29 Aralık 1930'da, Reichswehr Silah Müfettişliği Genelkurmay Başkanı George Thomas, Hans Lauf'un silah geliştirme yükümlülüklerini yerine getirdiğini belirten bir not yazdı. George Thomas 1940'ta general oldu, ancak Nazizm karşıtı olarak 1944'te tutuklandı ve bir toplama kampına yerleştirildi. 1945'te ABD Ordusu tarafından serbest bırakıldı, ancak ertesi yıl kötü sağlık nedeniyle öldü.

Bu arada, 1929'da Emil Burle, Werkzeugmaschinenfabrik Oerlikon şirketinin hisselerinin bir kısmını yavaş yavaş satın aldı ve 1936'dan 1958'deki ölümüne kadar şirketin tek sahibi ve başkanıydı. Silah üretimi yavaş yavaş dünya çapında büyük miktarlarda satılan 20 mm uçaksavar silahlarının üretimi etrafında yoğunlaştı.

Ancak makineli tüfekleri de unutmadılar. LH 33 olarak adlandırılan bir sonraki makineli tüfek modeli, 22 Kasım 1933'teki İsveç öncelik tarihine dayanarak birçok ülkede patentlendi. Patentlerin çoğu Stockholm'de tescil edildi, ancak Kanada ve Amerika Birleşik Devletleri'nde de patentler vardı.

1933'te Hans Lauf, Stockholm Patent Ofisi'nde patent mühendisi Ivar Steck ile temasa geçti.

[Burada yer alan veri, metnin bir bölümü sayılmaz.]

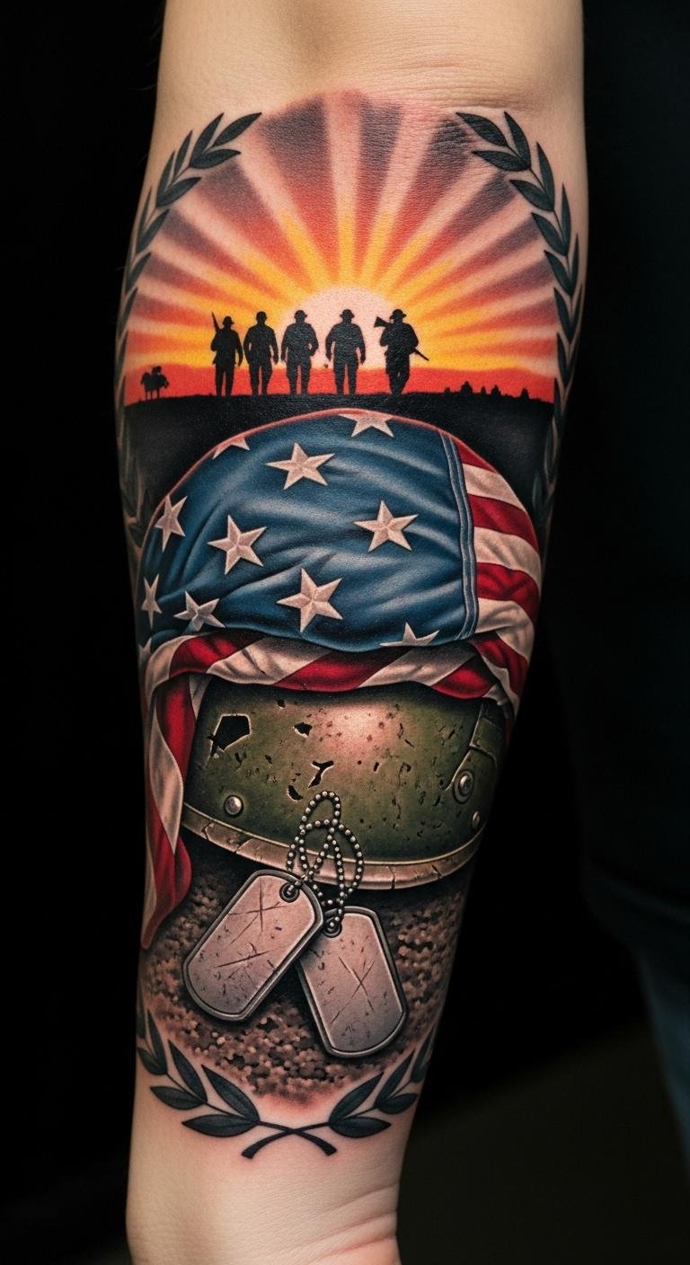 This design symbolizes honor (folded flag, helmet), remembrance (dog tags, marching silhouette), and unity (laurel wreath and rays). Emotionally it conveys solemn pride and solidarity; ideal placement is the mid-forearm for visibility and easy wrapping with the natural contours of the arm to allow the flag and silhouette to flow with movement.
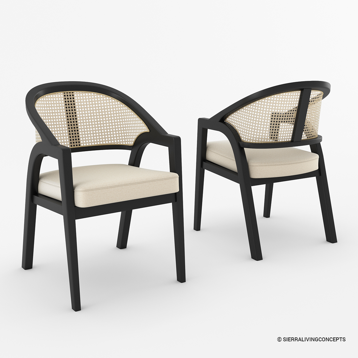 Pull up our Slave Modern Cane Back Black Dining Chair with Arms, a true design statement. This cane back dining chair is a beautiful study in contrast, blending a sleek black frame with the warm, airy texture of natural cane. It is designed to be as comfortable as it is chic, promising a sophisticated spot for every dinner guest.

Öyle görünüyor ki Lauf'un Burele ile olan işbirliği, Oerlikon'un başına geçtikten sonra sona erdi veya Lauf, Alman silahlarının geliştirilmesi yasağı nedeniyle yetkilileri yanlış yönlendirmek istedi ve bu nedenle İsveç'te patent almaya karar verdi. Uçak tasarımcısı Hugo Junkers İsveç'te de çalıştı …

LH 33, İsveç 6.5x55mm mermiler için el yapımı ve tasarlandı. İsveç Ordusu Mühimmat Birimi'ne (KATD) göre, İsveç'te LH33 ile herhangi bir test yapılmadı. İsveç ordusu şu anda Colt Browning tipi m21 tipi (Kg m21) hafif makineli tüfeklerle donatılmıştı. 1918'de, Hartford, Connecticut, ABD'de Colt Firearms Incorporated'ın lisansı altında 1918'de üretilen 500 adet dahil olmak üzere 7.571 makineli tüfek hizmetteydi. Daha sonra m21, değiştirilebilir bir namlu aldı ve m37 adı altında hizmete girdi.

resim
resim

m40 makineli tüfek servis kılavuzundan bir sayfa.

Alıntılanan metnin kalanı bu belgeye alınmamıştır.